Albert Barnes Commentary


Albert Barnes Commentary
"O Jehovah, rebuke me not in thine anger, Neither chasten me in thy hot displeasure." — Psalms 6:1 (ASV)
O Lord, rebuke me not in your anger - as if God was rebuking him through the affliction He was bringing upon him. This is the point on which the psalmist's attention is now fixed. He had apparently been contemplating his afflictions and inquiring into their cause. He was led to the conclusion that his suffering might be for his sins, and that his trials were to be interpreted as proof that God was angry with him. He speaks, therefore, of God as visiting him in His anger and in His hot displeasure, and pleads with Him that He would not thus rebuke and chasten him.

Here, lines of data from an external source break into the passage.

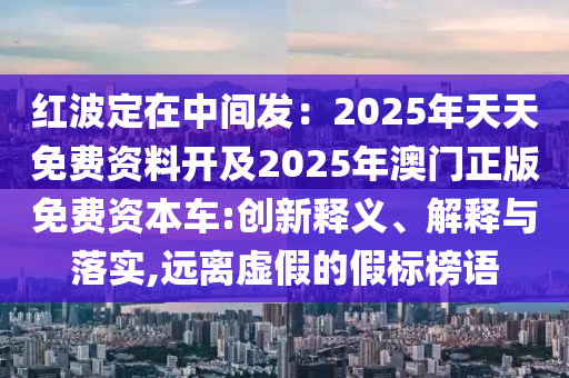 紅波定在中間發(fā):2025年天天免費(fèi)資料開及2025年澳門正版免費(fèi)資本車:創(chuàng)新釋義、解釋與落實(shí),遠(yuǎn)離虛假的假標(biāo)榜語(yǔ)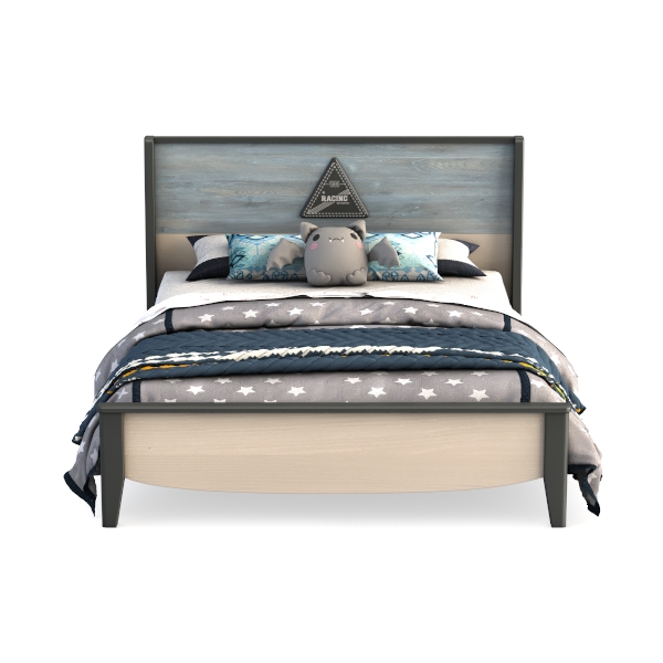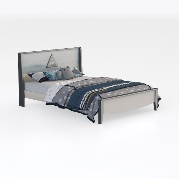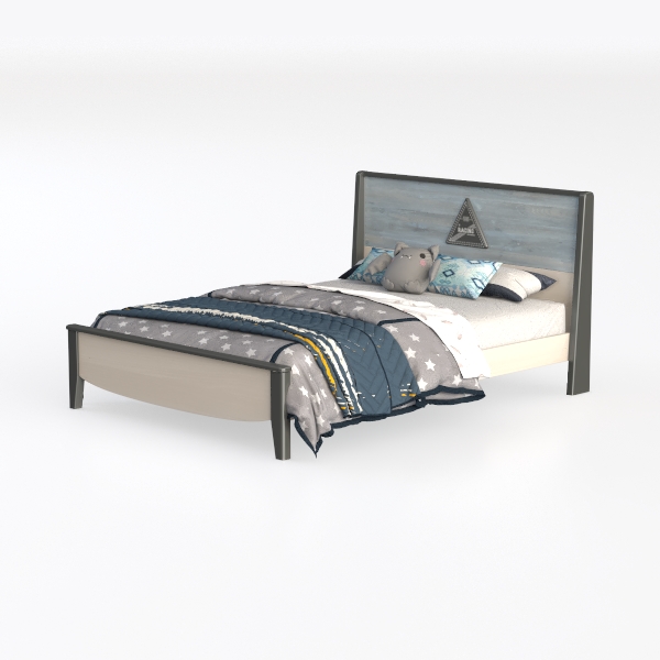 Inspired by nature and geometric details, this bed features a weathered blue-gray headboard with a triangular accent. Warm wood grain invites gentle touches, while soft star-patterned linens add cozy comfort. Light frame and layered bedding create a balanced, playful look—perfect for a kid’s room, pairing with marble nightstands and plush pillows. Sturdy, durable, and sweet for restful sleep.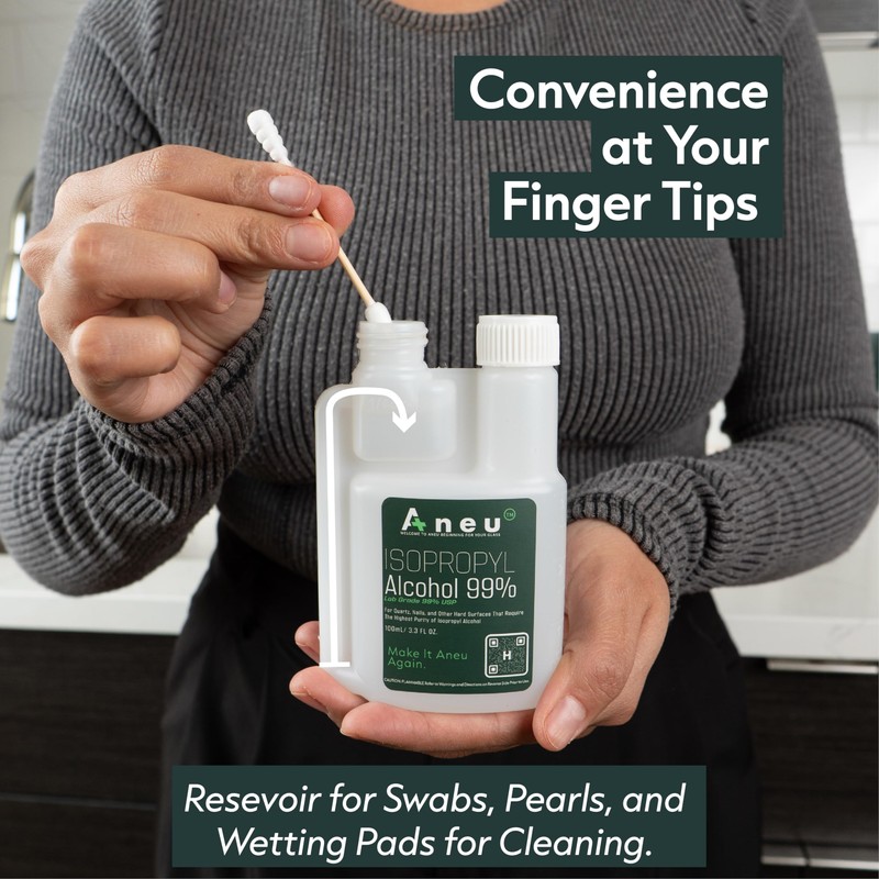 Aneu Isopropyl Alcohol 99% USP - 1/2 Gallon + Travel Bottle | Ideal for Quartz, Tools, & Hard Surfaces | Easy-Access Reservoir for Convenient Dipping (2)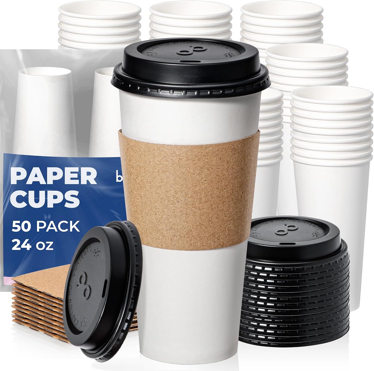 Fit Meal Prep 24 oz 50 Pack To Go Coffee Cups with Lids and Sleeves, Disposable Paper Coffee Cups with Lids for Hot/Cold Beverage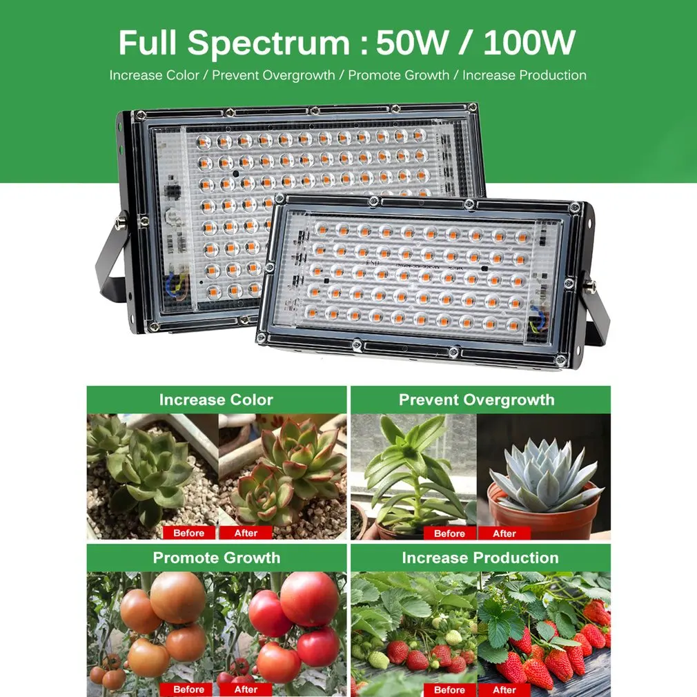 Светодиодная фитолампа полного спектра для выращивания растений, лампа для теплиц и гидропонных систем, 220 В переменного тока, 50 Вт, 100 Вт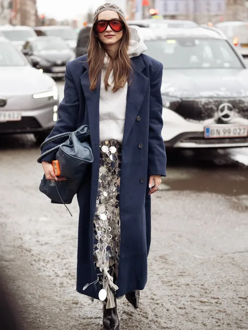 Если после праздников в шкафу осталась юбка с пайетками, подарите ей вторую жизнь. Контраст — ваш главный союзник. Сочетайте выразительный «низ» с простым серым худи. Сверху — пальто, а в качестве обуви — сапоги. Образ балансирует между расслабленностью и нарядностью, и поэтому отлично сработает. Эти трюки помогут прожить последний холодный месяц с удовольствием и без ощущения стилистической паузы до весны.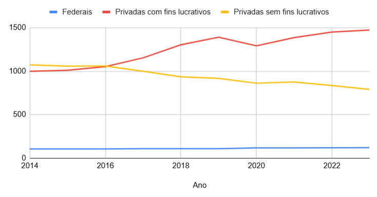 Com quase 68% de matrículas, o ensino privado prevalece como maioria. Apesar de que o setor conta com instituições com ou sem fins lucrativos, a constatação é de que o ingresso preponderante se dá mediante contrapartida financeira, o que por si só desconfigura o objetivo final, que deixa de ser o percurso formativo, passando a ser, grosso modo, a mensalidade do curso. Noutra clave, de mãos dadas com o número cada vez maior de matrículas, o número de IES no Brasil dentre os anos 2014 e 2023, mostra uma diferença na quantidade abissal entre público e privado: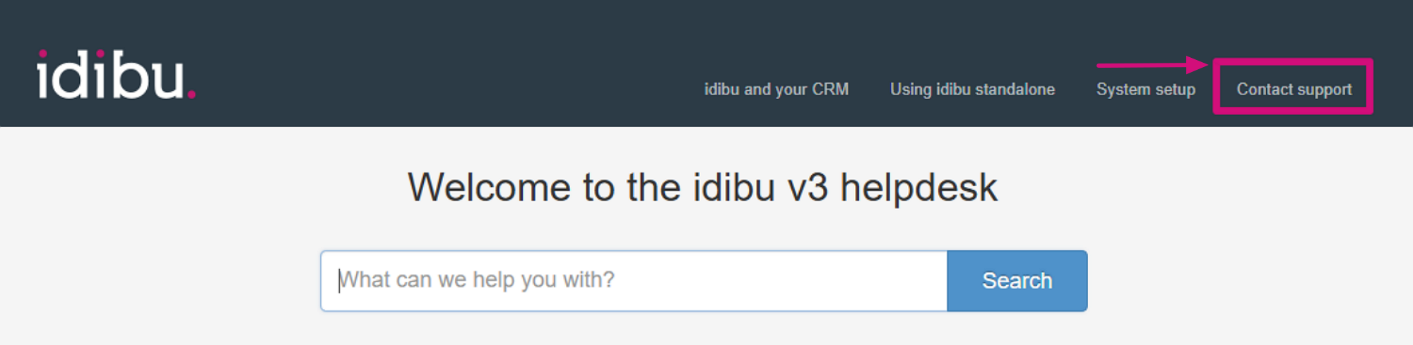 1. From anywhere inside the knowledge base, you can click the 'Contact support' button in the top right-hand corner of the screen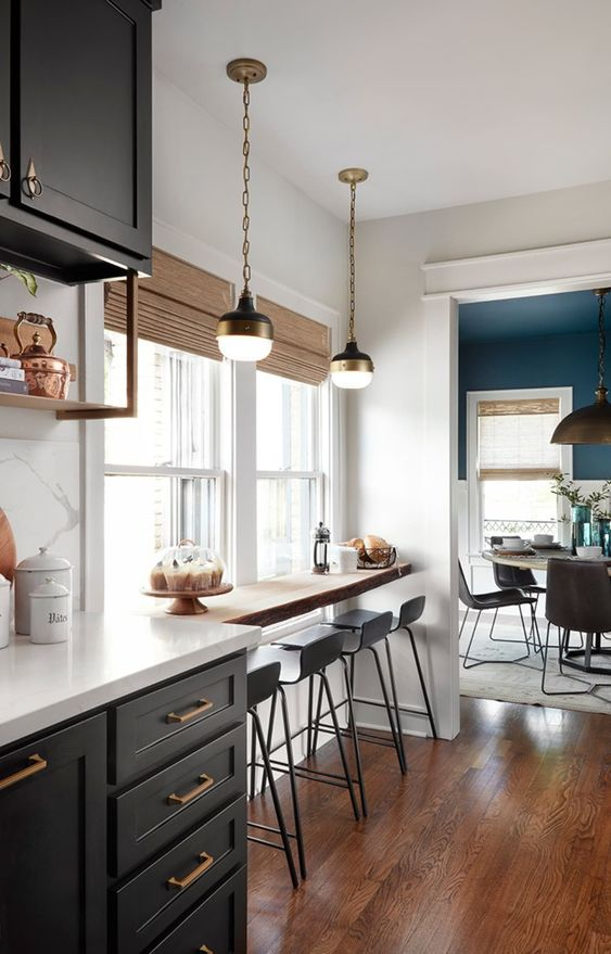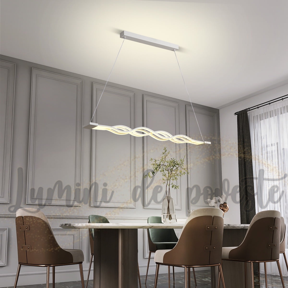 Dacă însă ai destul spațiu, poți renunța de exemplu la plafonieră și să optezi pentru iluminatul blatului și doar un pendul deasupra locului de luat masa.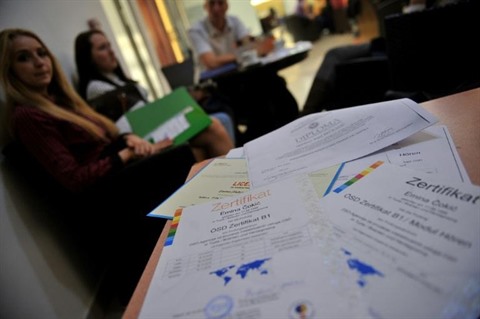 | De jeunes Bosniens patientent avant un cours d'allemand à Tuzla, dans le Nord-Ouest de la Bosnie. |

The word rebuke here, like the word rendered chasten, properly refers to the reproof of an offender by words, but may also be used to denote the reproof God administers by His providential dealings when He brings judgment upon anyone for his sins. This is the meaning here. The psalmist did not anticipate that God would openly reprove him for his sins; but he regarded God's dealings with him as such a reproof, and he pleads that the tokens of this reproof might be taken away. The whole language indicates a connection between suffering and sin—the feeling we have when afflicted that it must be on account of our sins.
Neither chasten me - This word denotes substantially the same thing and is used here in the sense of punishing.
In your hot displeasure - literally, in your heat. We speak of anger or wrath as burning or consuming. Compare Genesis 39:19; Numbers 11:33; Deuteronomy 11:17; Psalms 106:40; Job 19:11; Job 32:2–3; and Psalms 2:12.